> WHAT IS REQUIRED
Where an image appears, leave it out; otherwise repeat the data exactly.

---- GIVEN RECORDS

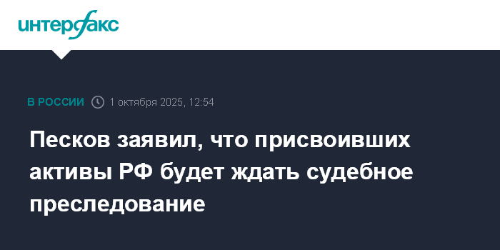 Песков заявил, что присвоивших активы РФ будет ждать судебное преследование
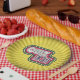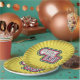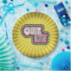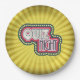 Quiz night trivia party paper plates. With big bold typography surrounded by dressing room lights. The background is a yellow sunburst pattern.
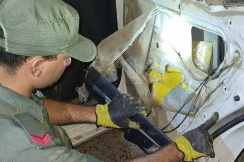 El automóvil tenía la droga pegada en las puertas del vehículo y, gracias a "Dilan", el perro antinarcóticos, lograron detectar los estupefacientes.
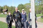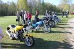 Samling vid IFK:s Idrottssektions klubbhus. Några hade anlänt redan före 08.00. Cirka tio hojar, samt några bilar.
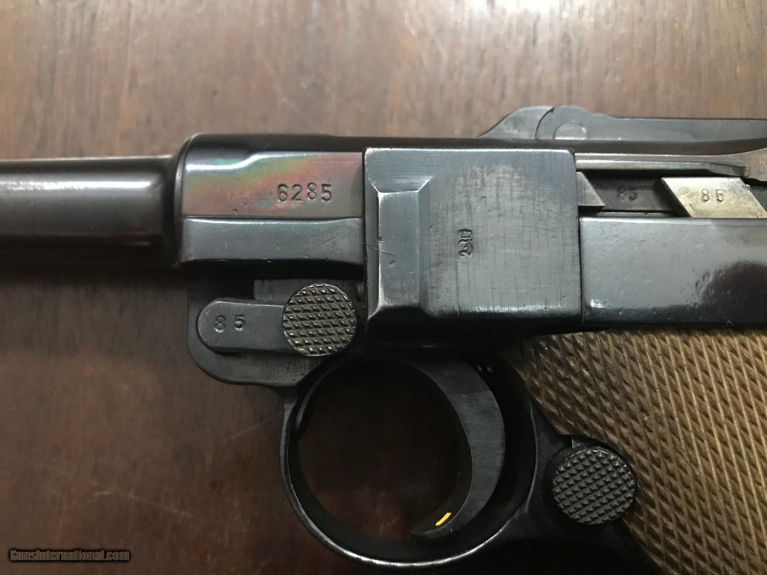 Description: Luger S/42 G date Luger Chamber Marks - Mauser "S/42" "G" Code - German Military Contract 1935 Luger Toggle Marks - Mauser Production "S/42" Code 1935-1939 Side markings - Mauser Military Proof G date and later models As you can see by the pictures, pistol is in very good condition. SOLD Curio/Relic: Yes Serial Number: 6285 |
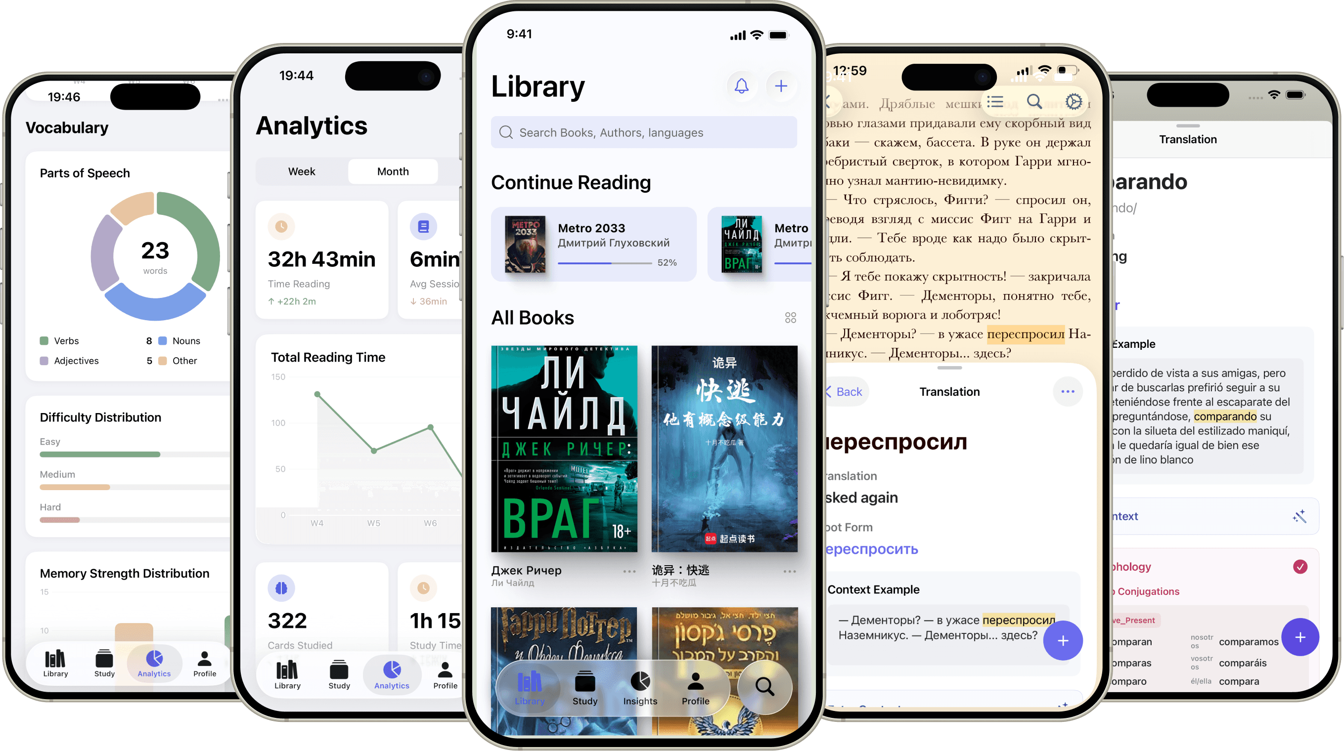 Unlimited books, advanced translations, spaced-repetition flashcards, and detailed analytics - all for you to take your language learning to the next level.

--------

> EXERCISE RESULT
 Песков заявил, что присвоивших активы РФ будет ждать судебное преследование
 Quiz night trivia party paper plates. With big bold typography surrounded by dressing room lights. The background is a yellow sunburst pattern.
 El automóvil tenía la droga pegada en las puertas del vehículo y, gracias a "Dilan", el perro antinarcóticos, lograron detectar los estupefacientes.
 Samling vid IFK:s Idrottssektions klubbhus. Några hade anlänt redan före 08.00. Cirka tio hojar, samt några bilar.
 Description: Luger S/42 G date Luger Chamber Marks - Mauser "S/42" "G" Code - German Military Contract 1935 Luger Toggle Marks - Mauser Production "S/42" Code 1935-1939 Side markings - Mauser Military Proof G date and later models As you can see by the pictures, pistol is in very good condition. SOLD Curio/Relic: Yes Serial Number: 6285 |
 Unlimited books, advanced translations, spaced-repetition flashcards, and detailed analytics - all for you to take your language learning to the next level.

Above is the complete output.